Sunday, November 18, 2007

How not to get past the round circular file

“Remember Graves, the waste paper basket is always your best friend”

So said Robert Graves’s housemaster when he discovered Robert Graves was writing poetry. As I grow older I also think the waste paper basket is my best friend. (And I fantasise about sending Darzi down the Khazi…but maybe I shouldn’t.)

Dr Rant has an overdeveloped internal crap detector, and loves getting rid of crap in all its forms. He thinks the shredder is the greatest invention of the last 100 years. Anyway some crap arrived today and although it’s crap, it’s all grist to the ranter. Be assured this merely delayed its journey to the bin by a few seconds.

The crap this time was a silly survey from some academic centre of excellence (click on survey to enlarge). It had everything about it guaranteed to get a busy GP offside and wanting to throw it with force into the bin. It wasn’t actually the subject of the survey that was the problem- that was valid enough. It was the phrasing of the intro letter that annoyed me.

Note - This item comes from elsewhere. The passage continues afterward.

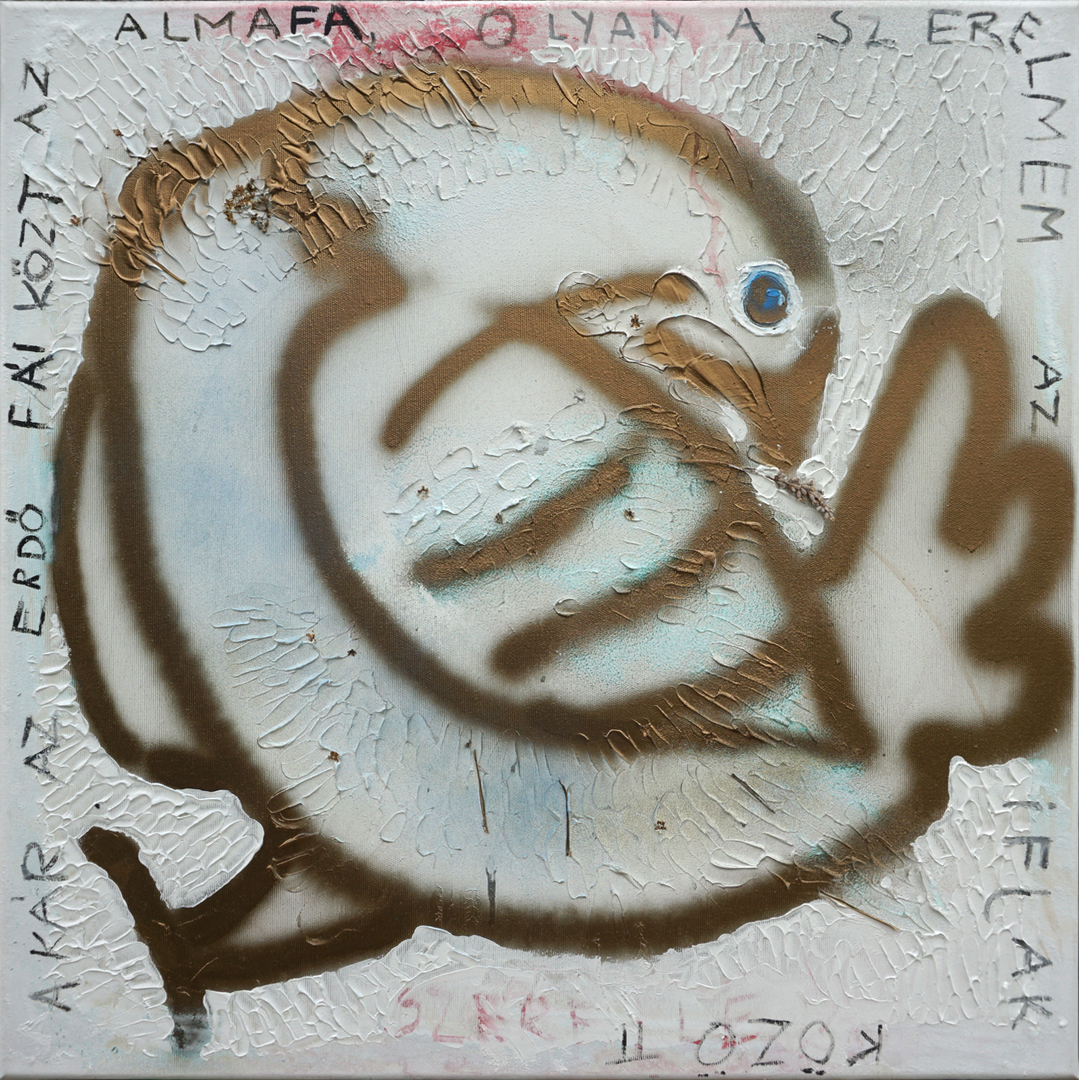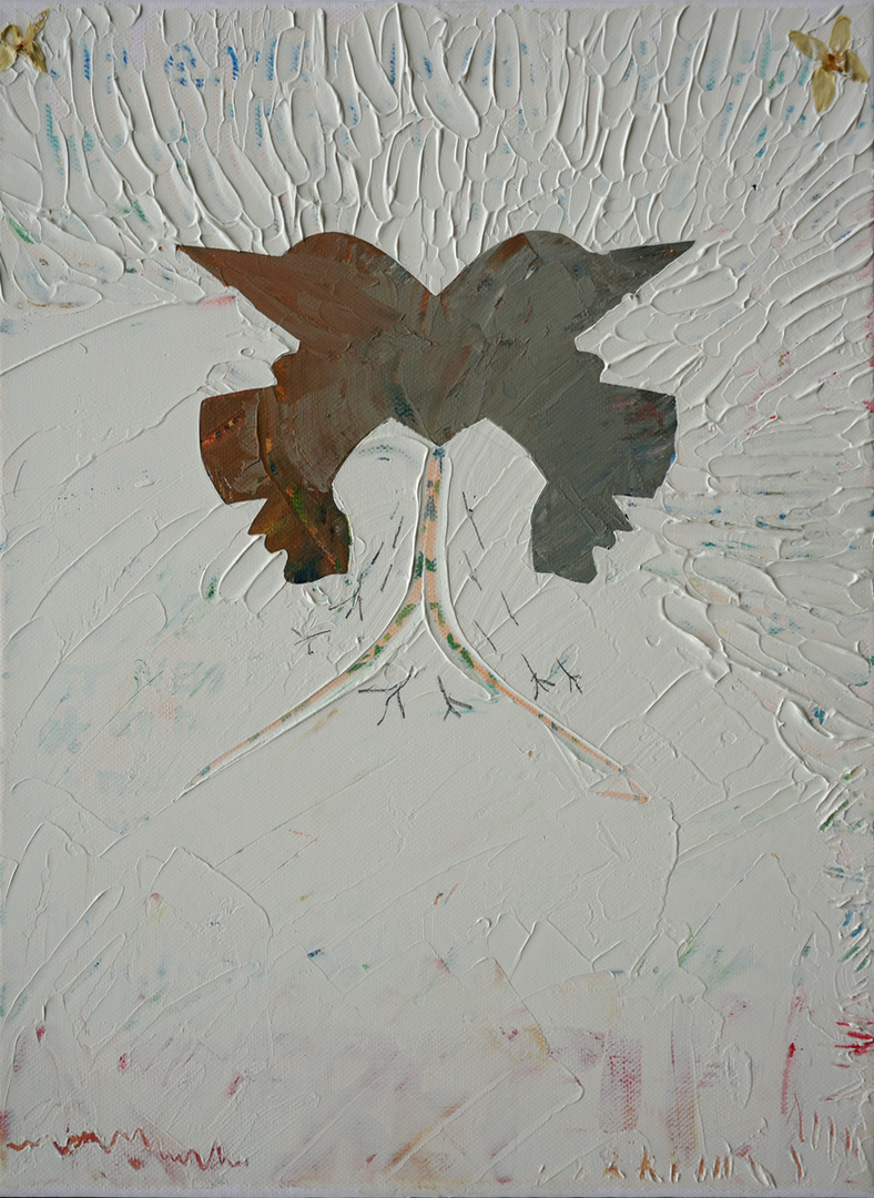 <strong>Taube</strong> (2017) | Spray, Strukturpaste und Blumen | 60 × 60 cm

Academics amaze me. They seem to have no idea about how little we care for their pet projects, their current theories. Nor do they quite realise how dissociated they are from reality of NHS general practice. So when they write assuming that their projects matter to me they assume rather too much.

It was a very busy day at the Ranting House. I did not have a spare ten minutes, and even if I did I was not going to use it on this survey. It has everything in its approach that actually illustrates lack of understanding and indeed a lack of politeness to busy people.

“You are being invited” as I am several times a week by too many people. It doesn’t make me feel special.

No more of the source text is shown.